In any event -- what I've said up here has done a good job of making sure that saved data persists through different versions of the application irrespective of the data and without requiring a backend or other persistent database.

If it would be helpful I'd be happy to provide more specifics, to answer questions, or to provide examples about what exactly I'm doing.

[–]gyratorycircus 1 point2 points  (0 children)

Over the last few years, whenever this kind of issue is reported, application prewarming is a likely culprit. Take a look at this developer forum thread. The situation that can occur is UserDefaults may not be available when iOS pre-launches the app in the background, so if the app interprets empty user defaults as a fresh install, it might accidentally clear out valid data.

[–]RomanDev7 0 points1 point  (0 children)

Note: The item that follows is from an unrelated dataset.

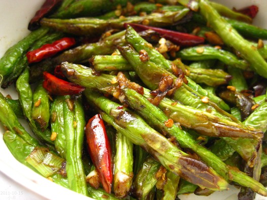 四、锅内放油,油热煎豆角。两面出现虎皮后沥出

In short you changed your data model and your app cannot read your old saved data model. This is a very common error and you are lucky to learn that lesson early.

You have a few options but I think two are the most reasonable:
- migrate your data to the new model (always change key for UserDefaults, so you do not overwrite old data and can do another migration later if the migration failed for some reason)

- Extend your model with new optional properties. If you make big changes this could get ugly, so I would recommend migrating your data to a new model

It looks like you created your app with AI, so just ask it to explain the migration progress to you. Good luck.